_YOUR OBJECTIVE_
With the pictures left out, please write out exactly each line from the one containing "名(6画)嘉(14画)山(3画) 里(7画)佳(8画)" through the end of the material.

_DATA SECTION_
§ §

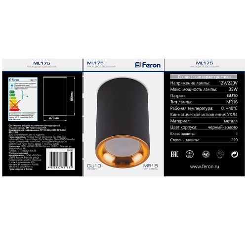 Характеристики Светильник потолочный Feron ML175 MR16 GU10 35W 230V, черный, золото
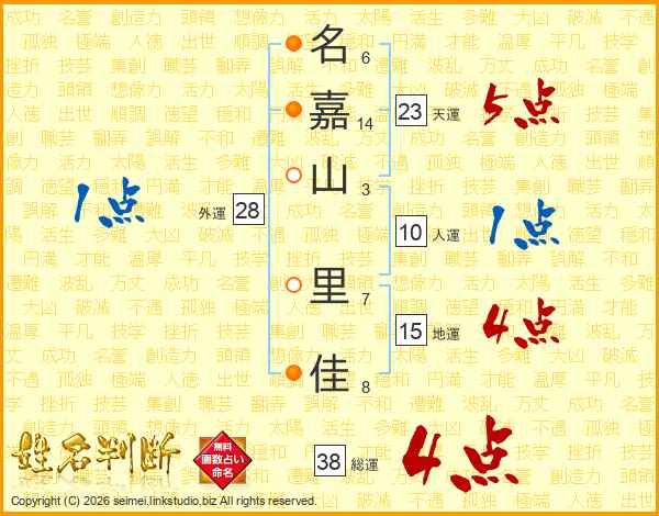 名(6画)嘉(14画)山(3画) 里(7画)佳(8画)
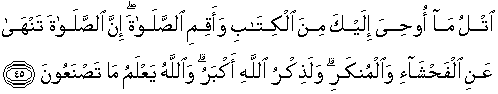 45. Bacalah apa yang telah diwahyukan kepadamu, yaitu Al Kitab (Al Quran)
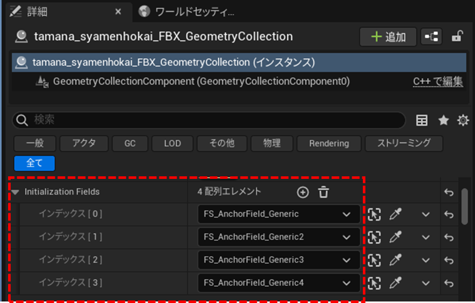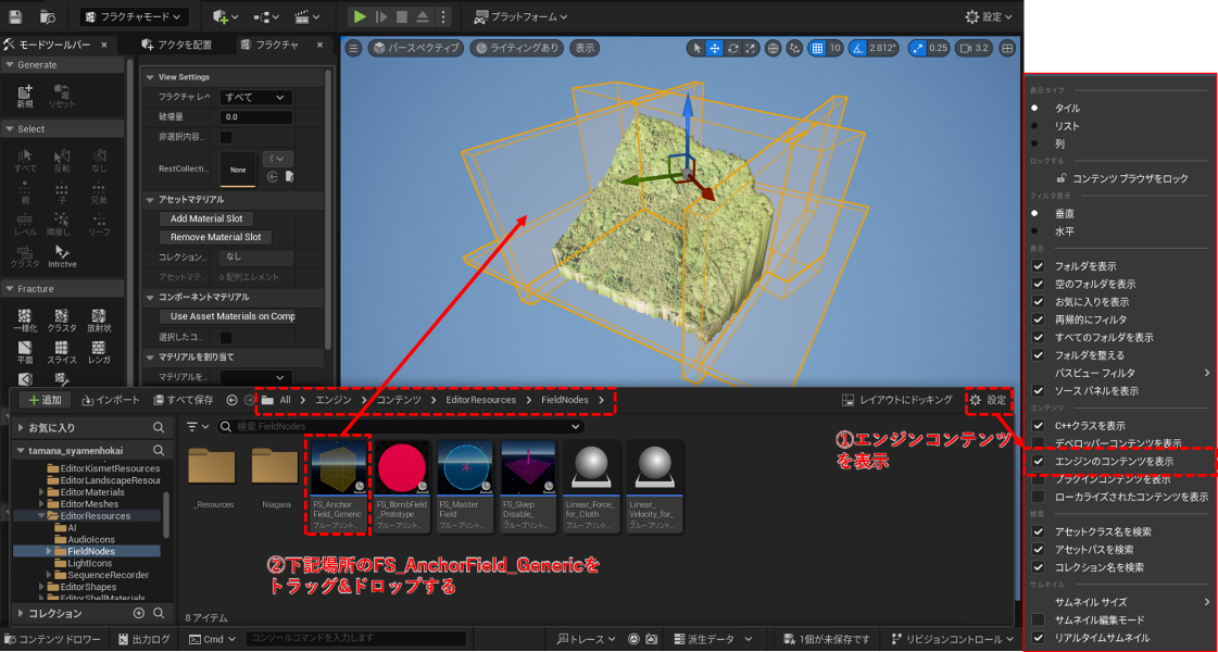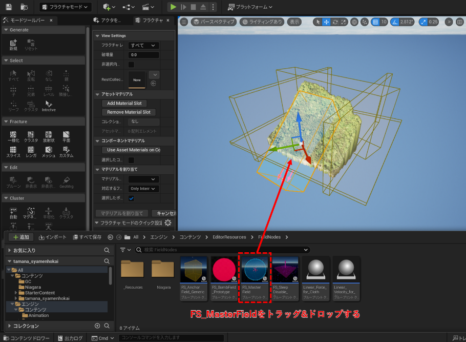 表示されるエンジンフォルダが[エンジン/ コンテンツ/ EditorResources/ FieldNodes]にある、「FS_AnchorField_Generic」をドラッグ&ドロップします。詳細設定のトランスフォームから移動・変形させて、固定したい破片を覆うように設置します。今回は側面3か所と底面に計4つ設置しました。

§ §

_RESULT_
 名(6画)嘉(14画)山(3画) 里(7画)佳(8画)
 45. Bacalah apa yang telah diwahyukan kepadamu, yaitu Al Kitab (Al Quran)
 表示されるエンジンフォルダが[エンジン/ コンテンツ/ EditorResources/ FieldNodes]にある、「FS_AnchorField_Generic」をドラッグ&ドロップします。詳細設定のトランスフォームから移動・変形させて、固定したい破片を覆うように設置します。今回は側面3か所と底面に計4つ設置しました。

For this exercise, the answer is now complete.